Tuesday, January 25, 2022

Artist of the Day, January 25, 2022: Les Mason, an American-born Australian graphic designer (#1479)

 Born in California, Les Mason (1924-2009) chose to study painting and interior design at the Chouinard Art Institute, Los Angeles, at the relatively late age of twenty-seven. Afterwards he began working in the world of commercial art and advertising as part of the small energetic design group West Coast Designers. In 1961 Mason successfully applied for a one-year contract as an art director at advertising agency USP Benson and relocated to Melbourne.

In Australia at the time, graphic design was still nascent as an independent practice. It was common for advertising agencies and printers to offer commercial art as a sub-service to advertising or print services, and they were primarily responsible for the creation of corporate identities, packaging, advertising and branding. As an outsider and talented typographer with a unique ability to conceptualize, create, visualize, iterate and communicate a full concept, Mason became indispensable at UPS Benson. His first award-winning campaign was a series of institutional advertisements for Shell Australia in 1962 in which he used unusual photography – a tabby cat with its head caught in an engine manifold – alongside catchy copywriting. The result was humorous, effective and memorable, and the campaign won the Shell Institutional Award for advertising.

Mason’s international outlook and design-led approach was informed by a love of contemporary art and international graphic design movements. He pushed creative boundaries and revealed that significant commercial and professional opportunities for more independent graphic design existed in Melbourne. He believed that solo studio practice would allow him to focus on the creation of rigorously conceived and executed design that would deliver a commercial advantage for clients while elevating society aesthetically.

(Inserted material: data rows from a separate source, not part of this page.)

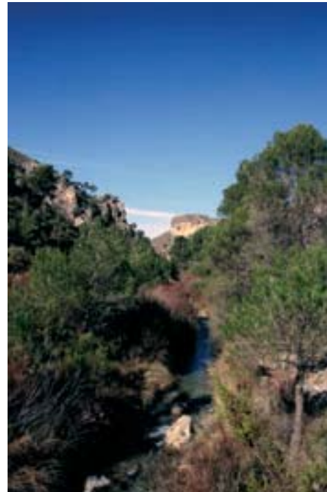
Hábitat típico de Besdolus bicolor

Estudios tendentes a conocer la distribución real de la especie y el estado de sus poblaciones, así como diferentes aspectos de la biología de las ninfas y adultos. Mantenimiento o restauración de las condiciones naturales y calidad de las aguas de los medios fluviales donde habitan.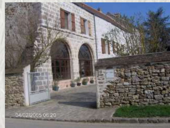
Le Plessis : l'ancien monastère

A la découverte d'un village culturel Autour de la vallée de l'Yerres.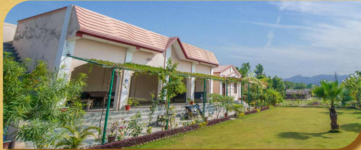
नारायण आश्रम, अटेना घाट

पांचाल घाट पर मां गंगा के किनारे बाहर से आने वाले संत महात्माओं एवं अन्य श्रेष्ठ जनों के ठहरने योग्य कोई उचित आश्रम नहीं था जिससे बाहरी आगंतुकों को फर्रुखाबाद शहर में रुकना पड़ता था। इस कमी को दूर करने के लिए गंगा के किनारे ही भव्य नारायण आश्रम का निर्माण 2012 में कराया गया यह भव्य आश्रम मां गंगा की गोद में अपने सौंदर्य की बिखेर रहा है।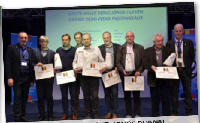
GROTE HALVE FOND JONGE DUIVEN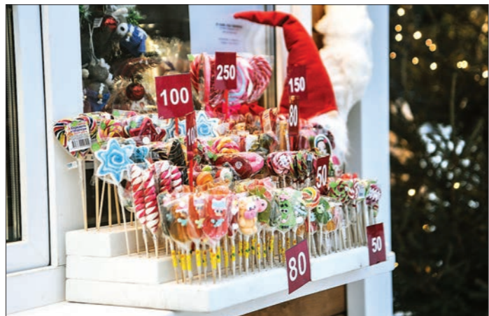
Для кого-то ярмарка начинается со сладкого

Екатеринбург - универсальные и сельскохозяйственные ярмарки на ул. Владимира Высоцкого, 12а; ул. Баумана, 48 / пер. Черноморский, 2; на ул. Санаторной, 3; на пересечении улиц Вильгельма де Геннина и Краснолесья (с 8:00 до 22:00).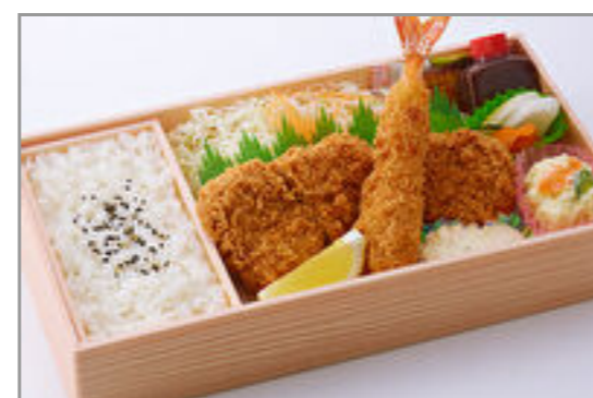
とんとんにぎわい弁当(中)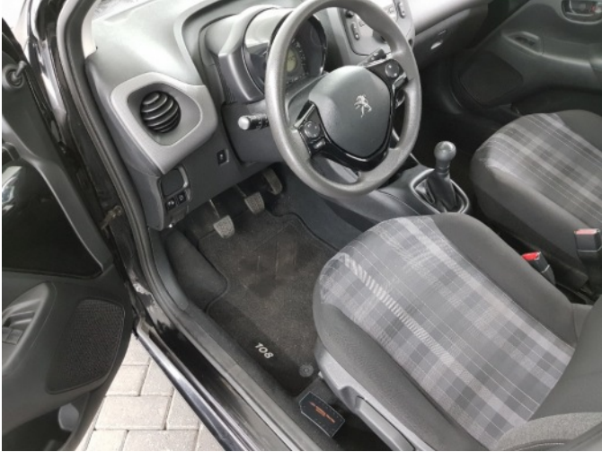
2. Diverse interieurdelen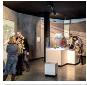
Bad Sassendorf Seite 19

Leistungsschau der Region öffnet zum 21. Mal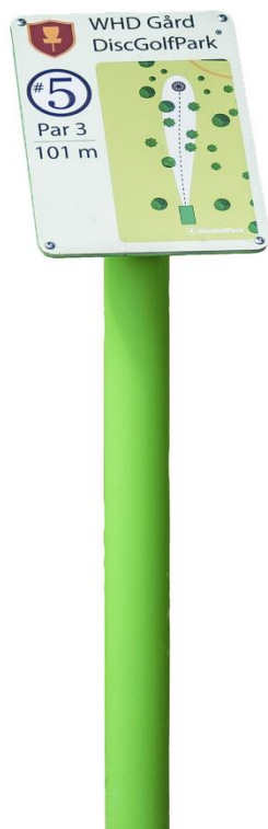
Bilaga 1. TeeSign

The Les Mason Graphic Design studio opened in 1962 in South Melbourne and Mason set about building a practice that became synonymous with good design, discourse, debate, drinking and music. In the words of Denise Whitehouse:

*There are many variations on the story of how true Design arrives in Australia. Perhaps the most mythic of which is that of the arrival of the immigrant designer who … brings with them authentic design experience and knowledge. Within the regional backwaters of Australia they become luminaries, with the west coast American import, Les Mason, for example, being credited with breaking the dominance of conservative English ideas about ‘commercial art’ by promoting the idea and practice of ‘graphic design’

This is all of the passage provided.